Tom is going to the movies. または、Tom will go to the movies. でなければなりません。

Tom often goes to the movies. / Tom goes to the movies once a month.

 上の、often や once a month のような副詞か副詞句を加えて、習慣になっていることこそ現在形を使うのだ、と理解させなければなりません。「go の三人称単数には‘es’をつける」と教えると、現在の動作、即ち、英語では現在進行形で表現すべきものを連想するでしょう。こうしたリスクは、現場で教えている者なら、一度や二度は経験があるに違いありません。

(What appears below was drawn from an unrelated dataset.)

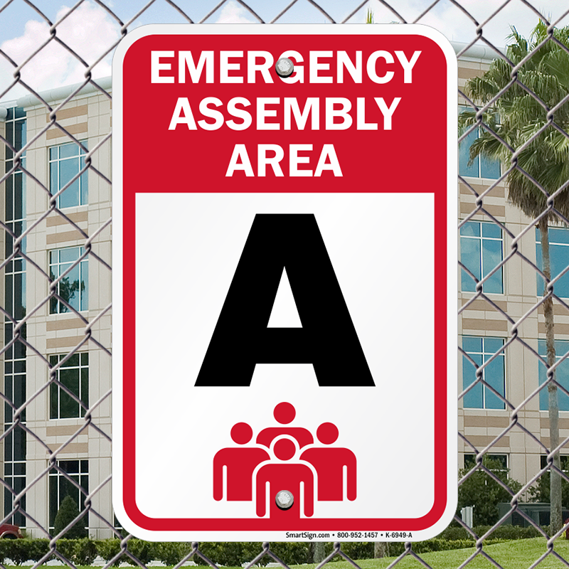 Emergency Assembly Area & Fire Drill Sign: Emergency Assembly Area A K-6949-A

    Tom sometimes goes to the movies.
    Tom is going to the movies with Jane.

 上の二文を必ず比較させながら教えねばなりません。

Ex. (2) My father reads a book.

 上文には、教師から“When?”の問いかけが必要です。

My father reads a book after supper.

 こうなってはじめて、父の夕食後の習慣なのだと悟ります。

Ex. (3)

   I'm going to eat a banana.      「さあ、バナナを食べましょう。」(皮をむく真似をします)
   I'm eating a banana.        「とてもおいしいわねえ〜。」(さもおいしそうに、食べる真似をします)
   I have eaten a banana.       「ああ、おいしかった」 (皮を捨てる真似をします)
   I will eat a banana tomorrow, too.  「明日も食べよう」

 先生は、ユーモアのセンスを発揮して、ジェスチャーたっぷりに、子供たちと一緒に演出します。